• Task details:
Beginning at the line containing "301期: 🥫『两只大船』 🥫三肖六码🥫【蛇猪】开:牛05", repeat each line below exactly up to and including the line containing "정선소방서(서장 박창진) 정선안전센터(2011.11.22)에서는". Do not repeat the pictures.
(Dataset excerpts begins)
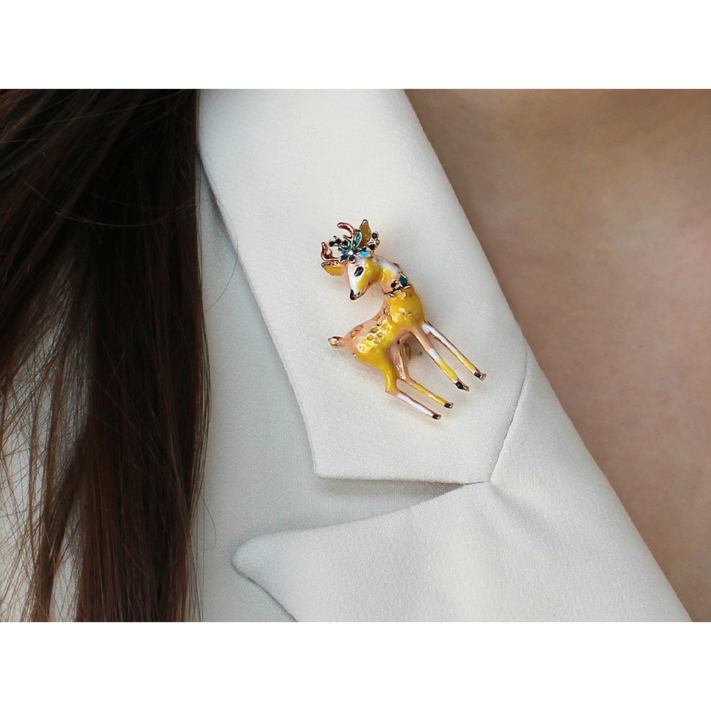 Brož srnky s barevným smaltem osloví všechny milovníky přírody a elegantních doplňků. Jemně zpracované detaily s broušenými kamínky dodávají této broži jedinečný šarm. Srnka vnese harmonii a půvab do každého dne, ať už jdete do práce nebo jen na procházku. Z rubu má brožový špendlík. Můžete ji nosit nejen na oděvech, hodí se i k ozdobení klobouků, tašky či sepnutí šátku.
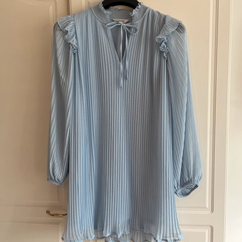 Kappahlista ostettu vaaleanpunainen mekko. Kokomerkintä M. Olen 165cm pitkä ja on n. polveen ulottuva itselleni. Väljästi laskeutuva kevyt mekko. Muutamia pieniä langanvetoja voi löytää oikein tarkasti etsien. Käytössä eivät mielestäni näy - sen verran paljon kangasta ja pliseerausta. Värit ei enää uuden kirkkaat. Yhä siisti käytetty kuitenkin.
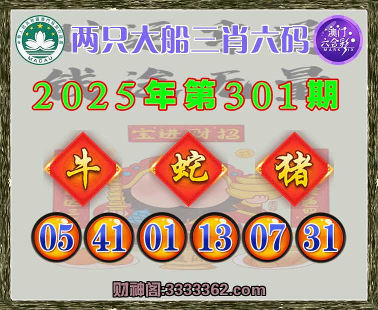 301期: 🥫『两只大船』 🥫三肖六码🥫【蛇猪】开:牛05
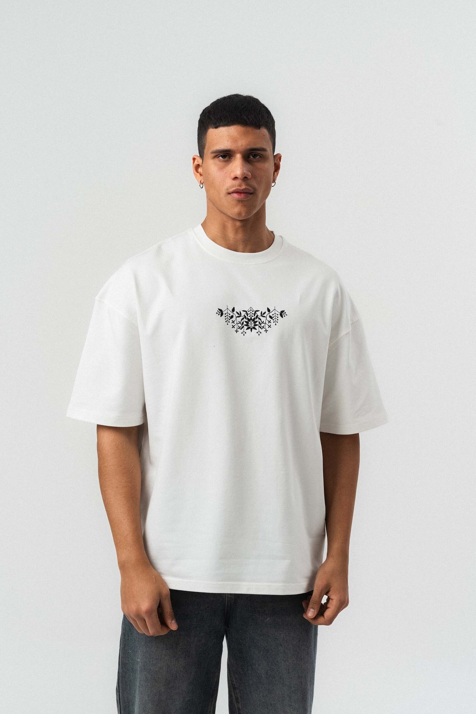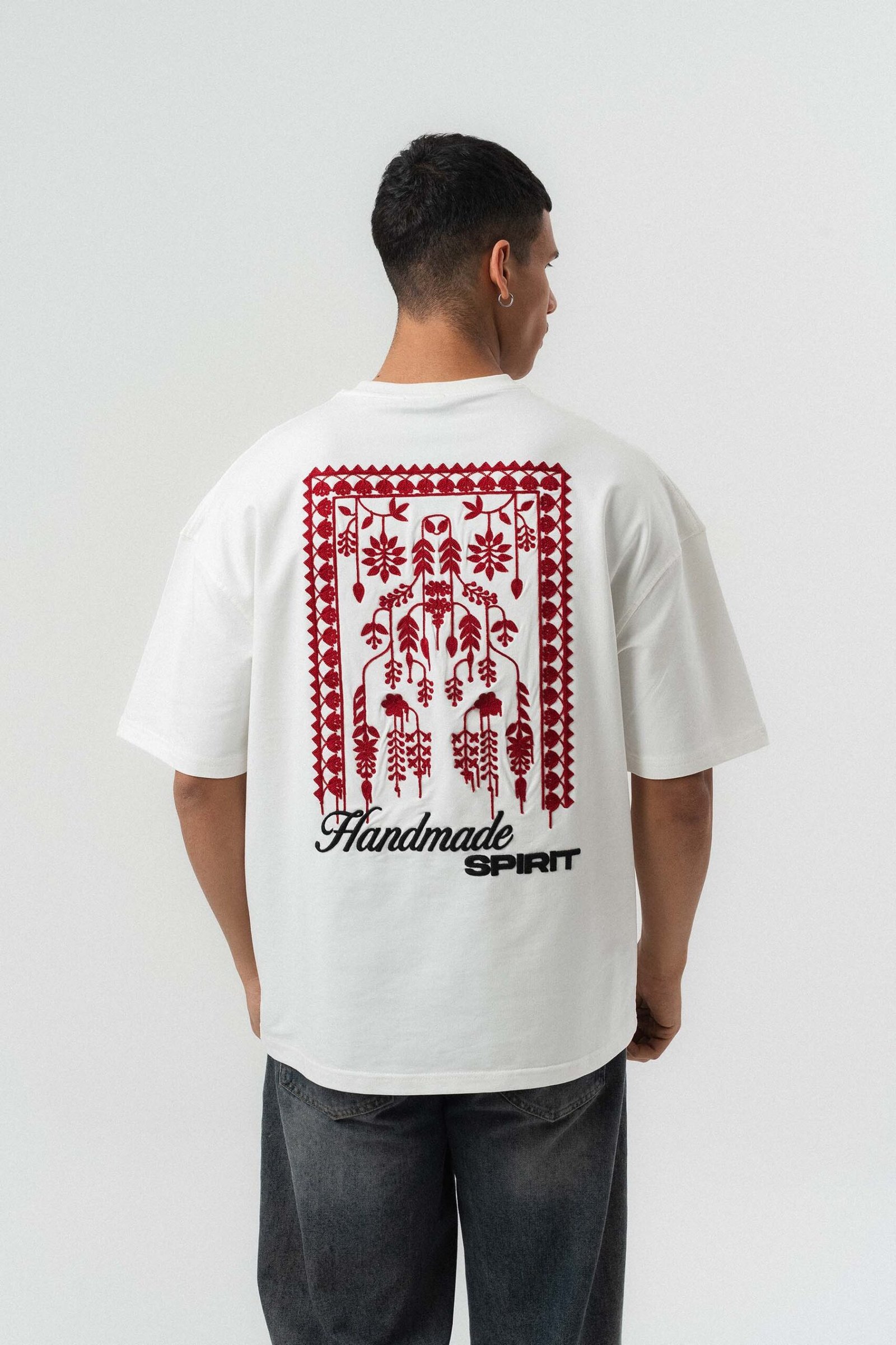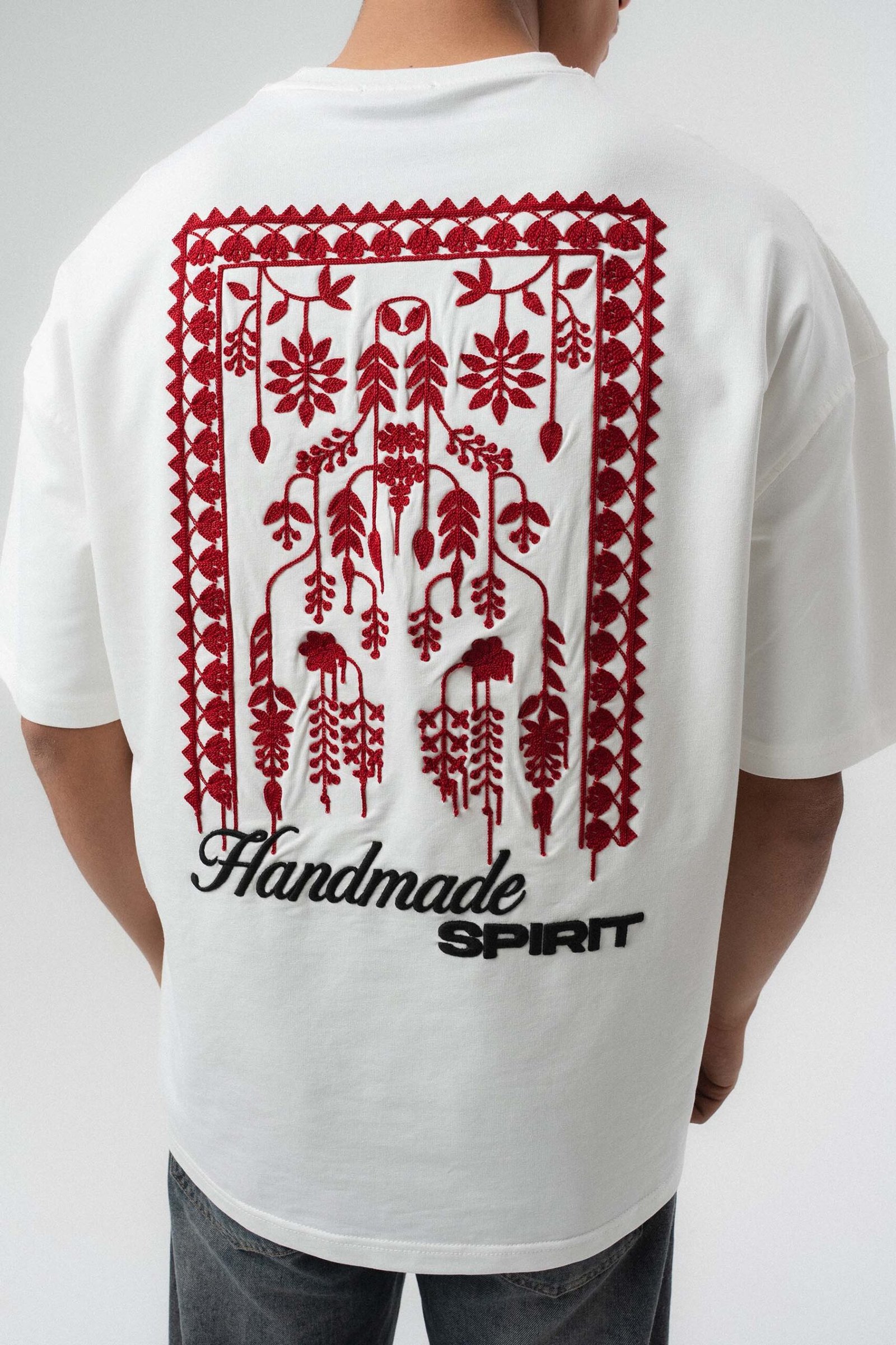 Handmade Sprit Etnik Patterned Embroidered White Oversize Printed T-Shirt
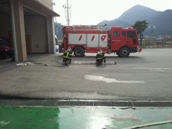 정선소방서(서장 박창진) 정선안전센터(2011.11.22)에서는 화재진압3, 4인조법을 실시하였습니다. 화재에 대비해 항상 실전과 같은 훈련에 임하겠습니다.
(Dataset excerpts ends)
(Dataset excerpts begins)
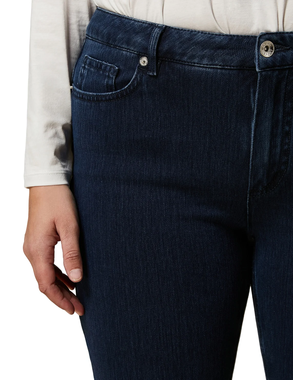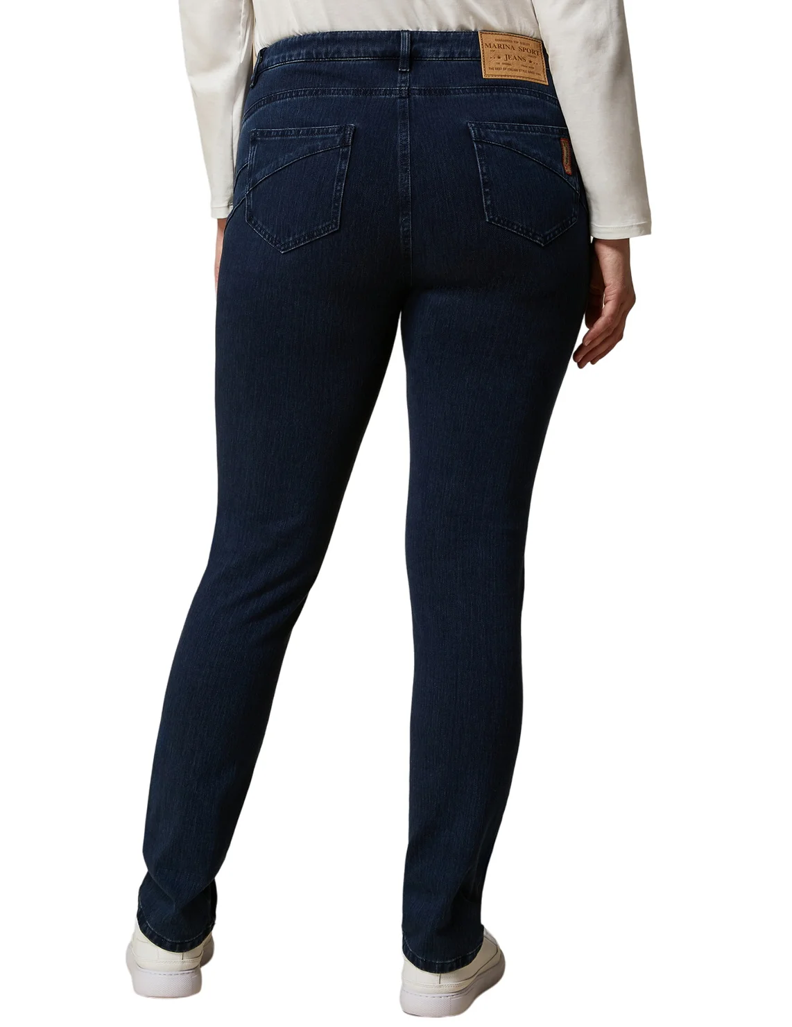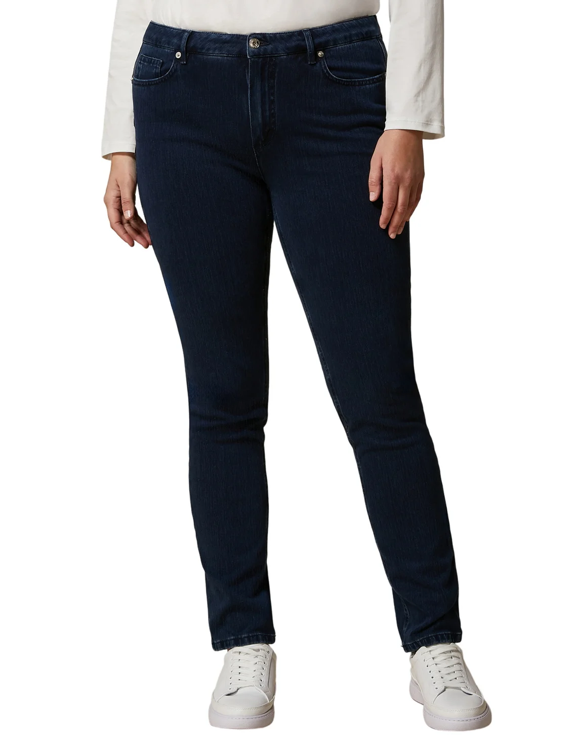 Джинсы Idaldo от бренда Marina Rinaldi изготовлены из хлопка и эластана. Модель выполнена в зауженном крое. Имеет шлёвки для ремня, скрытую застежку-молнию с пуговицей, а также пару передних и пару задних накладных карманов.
(Dataset excerpts ends)
• Written solution:
 301期: 🥫『两只大船』 🥫三肖六码🥫【蛇猪】开:牛05
 Handmade Sprit Etnik Patterned Embroidered White Oversize Printed T-Shirt
 정선소방서(서장 박창진) 정선안전센터(2011.11.22)에서는 화재진압3, 4인조법을 실시하였습니다. 화재에 대비해 항상 실전과 같은 훈련에 임하겠습니다.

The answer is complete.